[Python-Dev] [Fwd: In Python 2.6, bytes is str]

Brett Cannon brett at python.org
Mon Oct 6 08:55:12 CEST 2008

On Sun, Oct 5, 2008 at 11:43 PM, Steve Holden <steve at holdenweb.com> wrote:
> This does make it look rather as though bytes == str was a decision
> whose consequences weren't fully appreciated before implementation.

Well, you could say that about almost any change.

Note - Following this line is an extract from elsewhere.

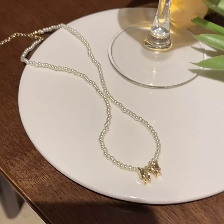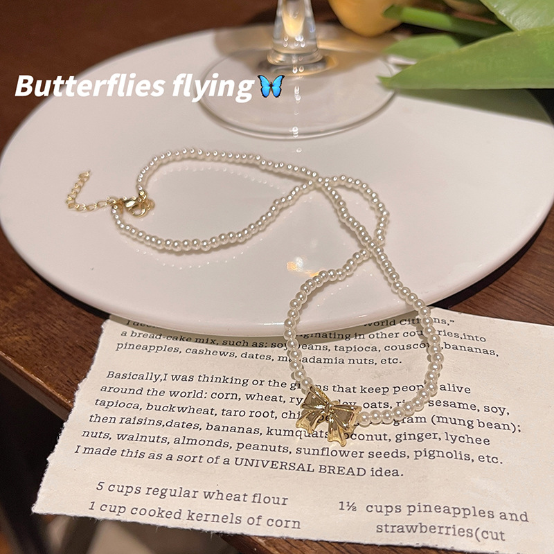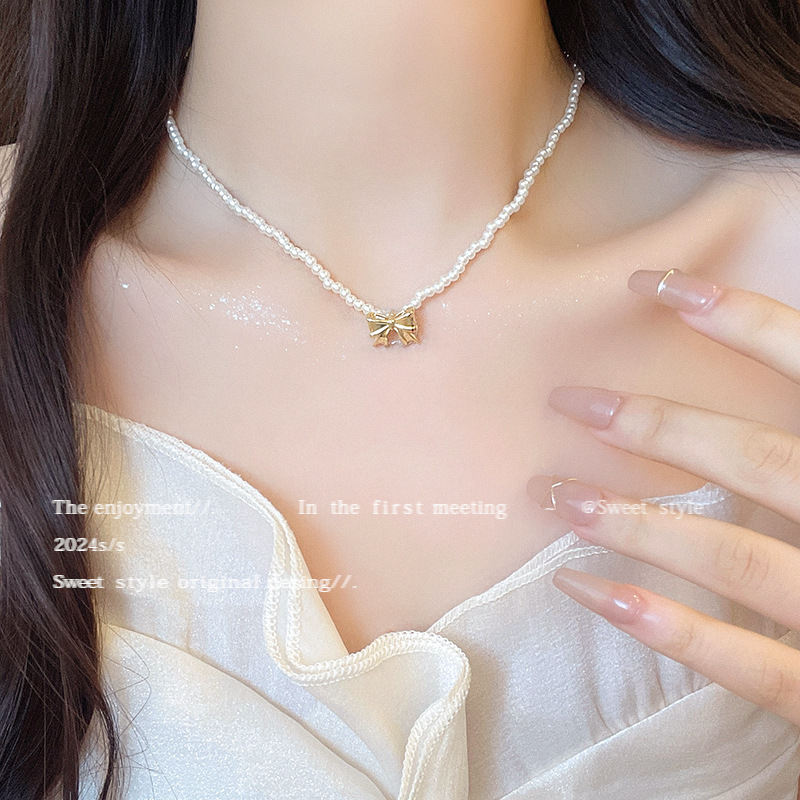 在逃公主小众高级感锁骨链饰品网红同款颈链珍珠蝴蝶结项链女批发

> Was this horror anticipated?

I didn't anticipate it.

> regards
>  Steve
> -------- Original Message --------
> Subject: In Python 2.6, bytes is str
> Date: Sun, 05 Oct 2008 22:30:17 -0700
> From: Bryan Olson <fakeaddress at nowhere.org>
> Organization: at&t http://my.att.net/
> To: python-list at python.org
> Newsgroups: gmane.comp.python.general
> Python 3 has the 'bytes' type, which the string type I've long wanted in
> various languages. Among other advantages, it is immutable, and
> therefore bytes objects can be dict keys. There's a mutable version too,
> called "bytearray".
> In Python 2.6, the name 'bytes' is defined, and bound to str. The 2.6
> assignment presents some pitfalls. Be aware.
> Consider constructing a bytes object as:
>    b = bytes([68, 255, 0])
> In Python 3.x, len(b) will be 3, which feels right.
> In Python 2.6, len(b) will be  12, because b is the str, '[68, 255, 0]'.
> I'm thinking I should just avoid using 'bytes' in Python 2.6. If there's
>  another Python release between 2.6 and 3.gold, I'd advocate removing
> the pre-defined 'bytes', or maybe defining it as something else.

I think it needs to be made clear that bytes is there for type
compatibility (e.g., ``isinstance(ob, bytes)``). And the bytes
literals work how you would expect.

What I would like to know if there are any other gotchas beyond the
constructor as all of the other uses act as you would expect.